J&K could both take over land gratis and distribute it gratis, because it had its own Constitution whose autonomy was guaranteed by Article 370 of the Indian Constitution, and which did not give this pre-eminence to the right to property. J&K’s land reform measures, therefore, could be far more thorough-going and comprehensive than in the rest of India, at least in the sense of dispossessing the erstwhile feudal landlords. And J&K remained for long the sole shining example of land reforms among the Indian states until Left governments came into office in some states at a later date and picked up the unfinished agenda of land reforms.
Land reforms in J&K, apart from their impact on the social structure and land distribution, also contributed greatly towards keeping income inequalities in check in that state. Additionally, these also helped to restrict the incidence of rural poverty there. According to official poverty estimates put out by the Planning Commission, among all the Indian states, J&K had the lowest proportion of the rural population below the poverty line in 2009-10. Its rural poverty ratio was 8.1%; only the Union Territory of Delhi had a marginally lower ratio, 7.7%, while the rural poverty ratio for the country as a whole, including J&K, was 33.8%. But since Delhi is a gigantic metropolis, its rural areas can hardly be considered typical of India’s countryside, and hence cannot be compared with the rural areas of any state; J&K, therefore, held the record for the lowest rural poverty.
Interestingly, the rural poverty ratio for Gujarat, the home state of both Prime Minister Narendra Modi and Home Minister Shah, was, according to official figures, 26.7% in 2009-10, which is why before Shah pontificates to J&K about its special status coming in the way of its “development”, he should ponder over these figures, all of which are official.
Official poverty figures grossly underestimate the actual poverty ratio; but even if one makes a direct estimate of the proportion of the rural population that cannot access 2,200 calories per person per day, the benchmark for rural poverty, the relative positions of the states hardly changes. J&K remains among the lowest rural-poverty-ratio states of the country.
What is true of poverty estimates, also holds if we take a whole range of other social indicators: J&K’s record is among the best among all the Indian states, and this fact owes not a little to the land reforms undertaken in that state, which in turn were made possible by its remaining outside the Indian Constitution under Article 370.
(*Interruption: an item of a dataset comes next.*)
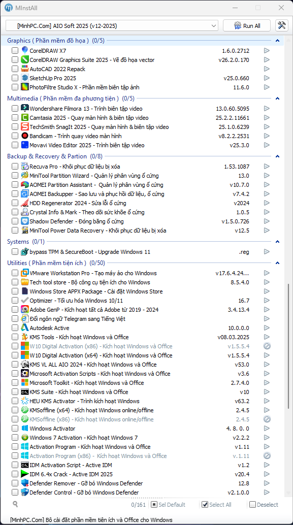 - AIO Soft 2025 v12 (41.1GB) ( Yêu cầu tắt Defender khi sử dụng ).
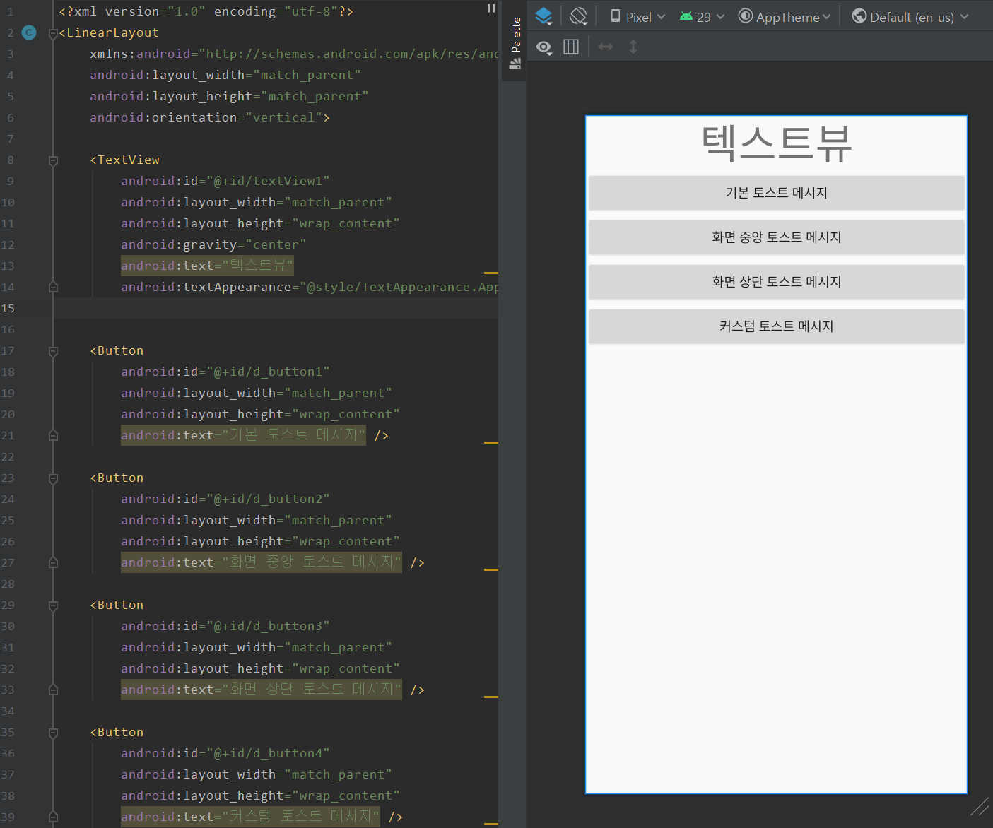 토스트 메시지를 띄우기 위해 코드를 먼저 살펴보자.

Lest it is thought that J&K had always been a state that was less afflicted by poverty than other Indian states, and that the above relative figures only capture a pre-existing historical reality that has nothing to do with the implementation of land reforms or with Article 370, I should emphasise that J&K had been the site of a highly oppressive feudal regime which, like other feudal regimes, had kept the (mainly Muslim) peasantry in an abject state of poverty and ignorance. Local lore has it that the Maharaja’s tax collectors were so ruthless in pursuing their task that when the peasants complained of lack of means to pay the exactions of the state, they would ask the peasants to open their mouths to see if there were any grains of rice sticking to their teeth: if the peasants could afford to eat rice then they could afford to pay taxes, so their argument went.
The transformation of such a feudal economy to one which has among the lowest poverty ratios in the country today is an achievement that may not impress Amit Shah, but it is a considerable one by any criterion; and so is the role of Article 370 in making it possible.